## Task details
From the entries, return every line where the string "with" shows up.

## Provided material
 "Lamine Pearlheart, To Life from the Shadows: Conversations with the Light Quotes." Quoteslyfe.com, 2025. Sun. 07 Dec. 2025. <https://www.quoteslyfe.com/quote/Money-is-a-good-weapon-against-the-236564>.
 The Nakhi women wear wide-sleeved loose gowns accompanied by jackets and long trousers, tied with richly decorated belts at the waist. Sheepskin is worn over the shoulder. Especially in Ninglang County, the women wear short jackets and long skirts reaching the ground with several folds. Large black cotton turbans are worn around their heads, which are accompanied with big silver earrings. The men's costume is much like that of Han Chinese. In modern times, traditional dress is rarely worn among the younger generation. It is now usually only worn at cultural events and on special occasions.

--

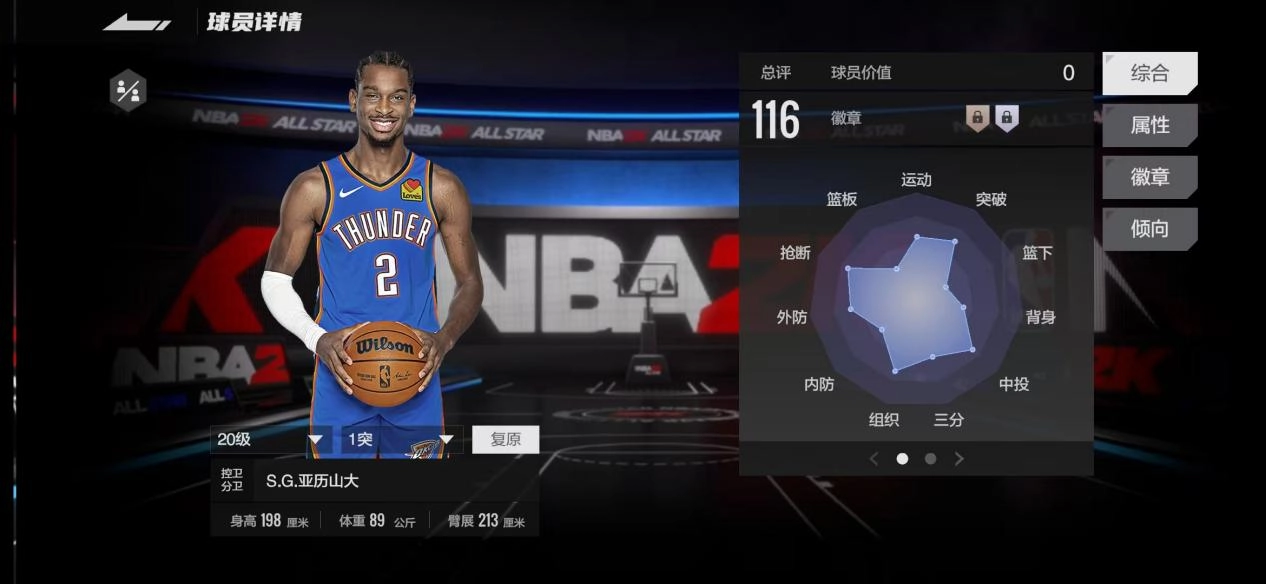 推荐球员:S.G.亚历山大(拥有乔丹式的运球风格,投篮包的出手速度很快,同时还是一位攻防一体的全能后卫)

## Answer area
 "Lamine Pearlheart, To Life from the Shadows: Conversations with the Light Quotes." Quoteslyfe.com, 2025. Sun. 07 Dec. 2025. <https://www.quoteslyfe.com/quote/Money-is-a-good-weapon-against-the-236564>.
 The Nakhi women wear wide-sleeved loose gowns accompanied by jackets and long trousers, tied with richly decorated belts at the waist. Sheepskin is worn over the shoulder. Especially in Ninglang County, the women wear short jackets and long skirts reaching the ground with several folds. Large black cotton turbans are worn around their heads, which are accompanied with big silver earrings. The men's costume is much like that of Han Chinese. In modern times, traditional dress is rarely worn among the younger generation. It is now usually only worn at cultural events and on special occasions.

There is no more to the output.